Second, this is someone who believes in you enough to literally block for you. If a scout can’t recognize that, even as they’re being thrown into a dumpster in the parking lot of a D1 Training Facility? Well, they’re not very good at their job, frankly.
3. Tell them you really admire Colin Kaepernick. You don’t have to mean it, we’re just trying to make things scary for them. If other scouts from teams you might want to play for ask, tell them you’re fucking with the Browns, and that you want them in on the joke. For the Browns and Browns only, they will get this joke, and assist you.
Other things you can tell the Browns in order to dissuade them:
- “I see myself as a less restrained Johnny Manziel.”
- “My game? I think it’s a lot like Tim Couch’s.”
- “Brandon Weeden’s footwork is sort of my model.”
- “I am with the FBI, and would like to speak to the owner.”

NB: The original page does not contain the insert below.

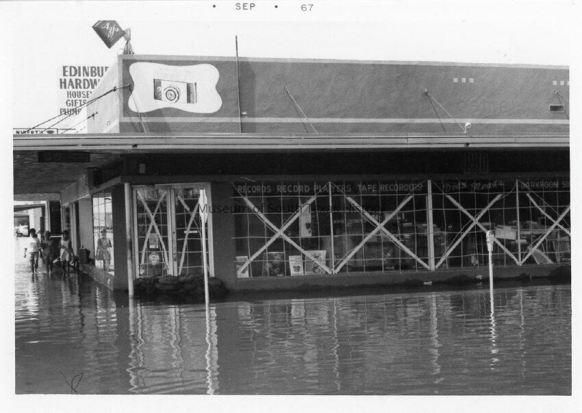 Views in and around Edinburg in the aftermath of Hurricane Beulah, 1967. The system made landfall in Texas around late September and caused major flooding, wind, and tornado damage.

4. While we’re at it, just do what you can to get drafted lower by a better team, and at a place where you’ll sit for three or four years. Aaron Rodgers, man: that’s the role. You don’t want to try to learn something from like, a Brett Favre, but ideally you want to just hang around and get used to things for three or four years while enjoying the status of “Potential.” The next guy is always the best role to be, especially if you’re in your twenties and don’t really need big money for anything besides the one stupid car you buy, and the dog you get who will probably eat the couch you buy. Don’t act like you’re getting real furniture. You don’t even know what real furniture is, and that’s good. (See: giant furniture-eating dog you will probably give to your Mom when you realize you can’t take care of it.)
5. “Sorry, I can’t, I have diarrhea.” No one will ever argue with this in any situation.
THE UNTHINKABLE HAS HAPPENED, AND I HAVE BEEN DRAFTED BY THE BROWNS
1. Have you just considered the joys of becoming Steve Deberg, or Billy Volek, or any other career backup who just picked up a check the way your life insurance policy does? Tell the Browns this. You want to be a life insurance policy, man. You don’t ever want to pay out for your organization, but you definitely want to be there just in case. You’ll be done with this sport by the time you’re 28, most likely. Take your good knee and relatively unbattered brain and earn championships in the insurance industry or something. Everyone wants to hear this from an employee: “I’d like to be the unutilized safety blanket you keep in your closet. That’s where I feel most comfortable.”
It’s what you’d tell most college grads at a speech if you were being honest: Mediocrity, i.e. being average, is where you’ll probably, by rule, end up even with effort. Why not prepare for it from the start, and call a marginal improvement on it in the future a victory? We’re trying to help, here. You’ve already won by getting here. Everything else is gravy, even if you only get a thimbleful of it.
2. Develop a largely benign early career issue. If you have a sizable enough signing bonus, get vertigo or some other curable but still substantial condition going. Comeback Player of the Year is right around the corner after your struggle with ringworm, and subsequent departure from Cleveland. (If you can make it a slightly contagious skin condition you don’t actually give to any of your teammates, even better.) If you can’t get any of these, consider faking them. Feel no guilt: Cleveland’s management has been faking interest in fielding a competitive football team for years. It’s only fair.
3. Better still: Don’t play football. The Browns can’t get you if you never take the field. It’s an option, and a great one, frankly. Football’s nasty, brutish and short. Can you pitch? You should probably go pitch. Baseball’s way lazier, the salaries higher, and as a pitcher you can snag one large contract and not worry about them cutting you to avoid paying it out in full. Even Tim Tebow can get a minor league contract, and that’s saying something about the talent required here. (And if you fail, no one’s watching, anyway.)